Student jobs among those at risk during budget shortfall

by Danny Fisher

Sun Star Layout Editor


The UAF budget shortfall, which has the potential to be more than $14 million, will have an impact on student jobs according to Marmian Grimes, UAF senior public information officer. “It is almost certain that student jobs, like faculty or staff, will be affected,” Grimes said.

According to the Office of Management and Budget, between the fall semesters of 2013 and 2014, the total number of UAF employees dropped by 160. Out of these, 75 (47 percent) were positions held by student employees.

Grimes said that the university is trying to manage job cuts primarily through attrition, or not filling those positions which are left vacant after an employee chooses to leave. According to Grimes, student jobs may be easier to eliminate through attrition because of their high turnover rates.  However, budget cuts are being handled differently within different UAF departments.

“What works best for balancing the budget for the College of Engineering and Mines may not work best for Res Life,” Grimes said.

Residence Life, which employs between 150 to 200 student workers at a time, has not faced cuts in student employment. “We’ve been very fortunate right now to retain the staff we have,” Associate Director of Residence Life Jamie Abreu said.

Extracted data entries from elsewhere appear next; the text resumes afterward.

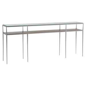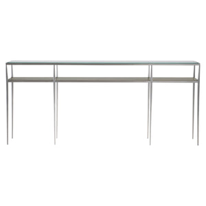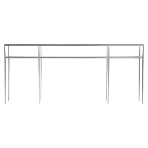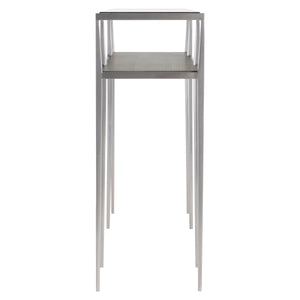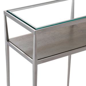 Metal frame in Brushed Stainless Steel finish with tempered, polished-edge glass top and one wood shelf in Nebbia finishAdjustable glidesNot suitable for use with TVSpecifications subject to change without notice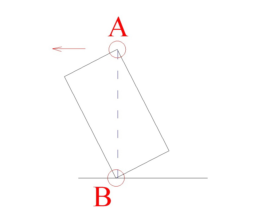 В таком случае, нет никаких причин для беспокойства. Да и перевернуть его не так просто. На рисунке- вид аквариума с боку (торца). Для того, чтоб опрокинуть акву, нужно вывести угол А за пределы угла В, тогда он точно опрокинется. Не забывайте вес аквариума с водой. Вот с незафиксированной тумбой- конструкция более шаткая.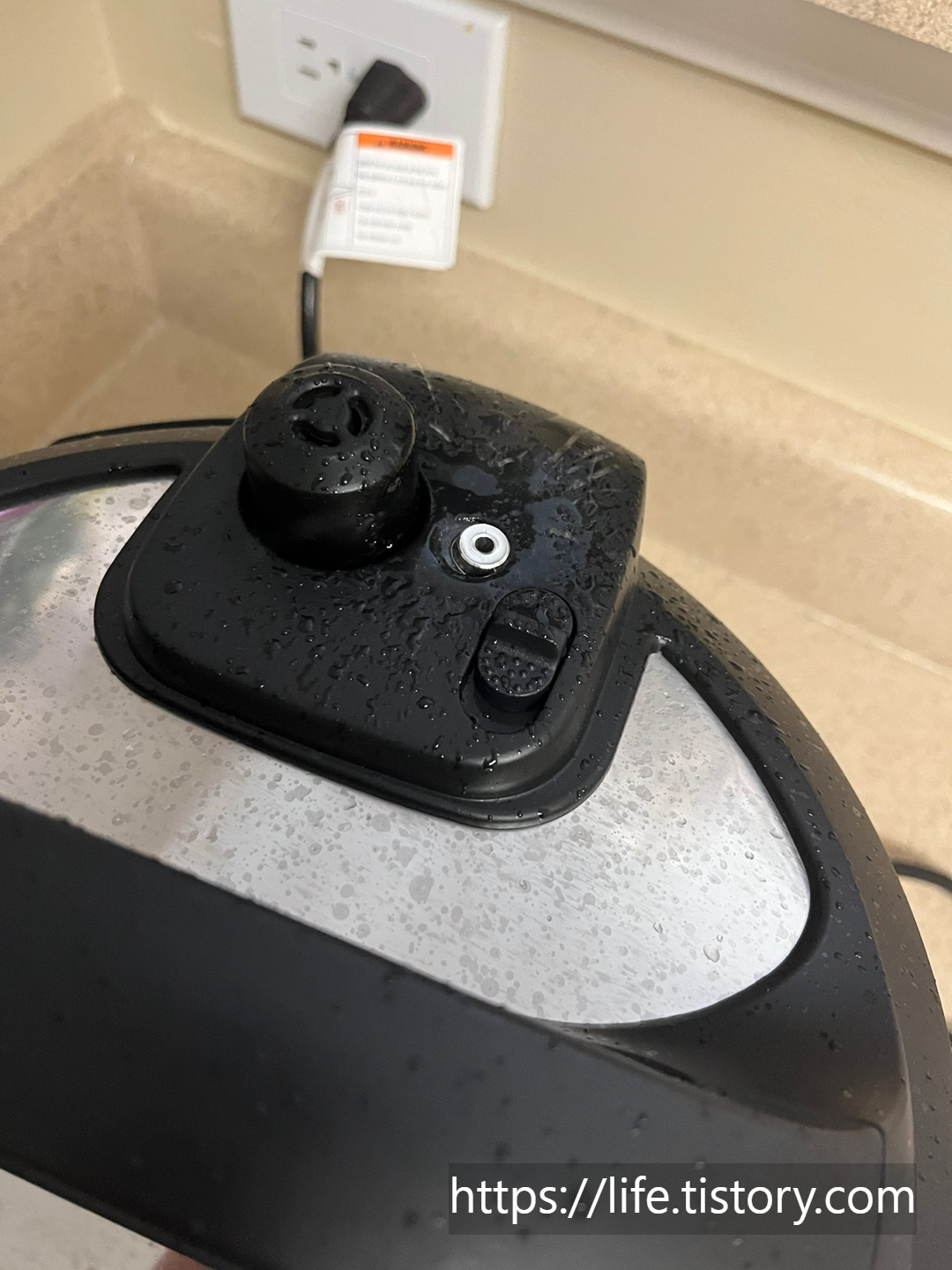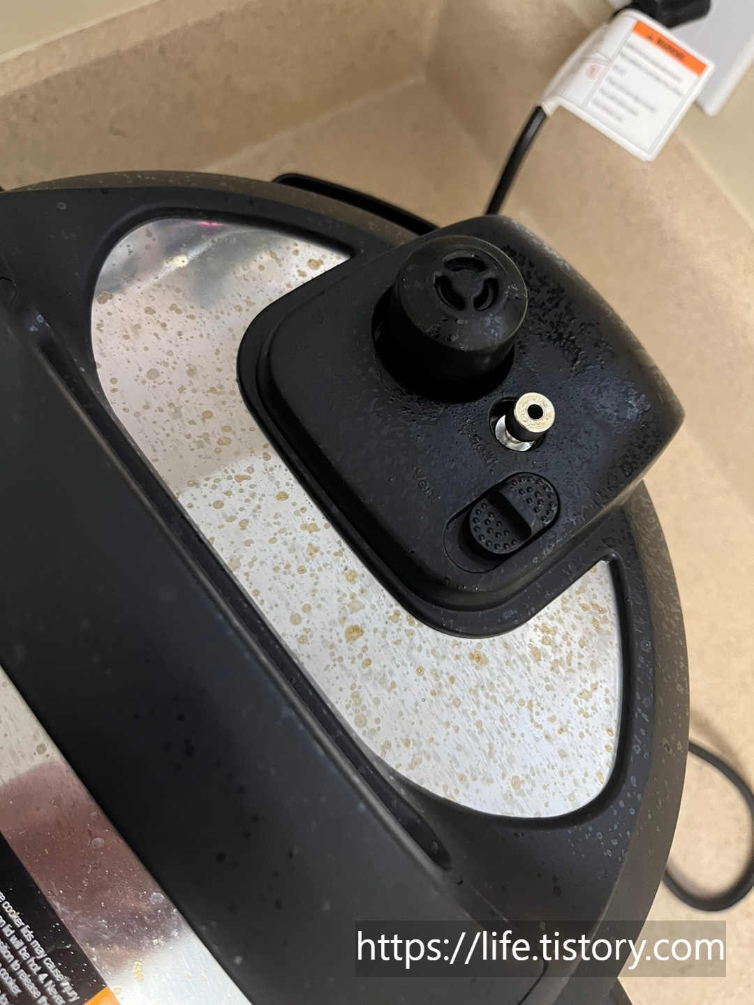 고기가 다 잠길 정도로 넣으면 김이 샐 때 난리가 날 수 있다.

Abreu said that student jobs give workers the opportunity to make money to pay for school and gain job experience. The Residence Life website also states that UAF students who hold part-time working positions perform better in their academic life than unemployed students.

Many of the tutoring services offered on campus are staffed by students, including the math lab, writing center and peer mentoring program that the First Year Experience program provides.

Student job retention will also be affected by the expiration of grants funding student research positions, which makes it difficult to track where losses are coming from, according to Grimes. The university is also working with tentative numbers currently as they wait for a finalized funding budget from the Alaska legislature, which is currently in session.

The amount of state funding the university receives will be a factor in further considerations about UAF employment. This university is going to do the best it can to keep student jobs available, according to Abreu.

“It’s so important for our students to have the opportunity of employment, but it’s also important that we meet the needs of the students we have,” Abreu said.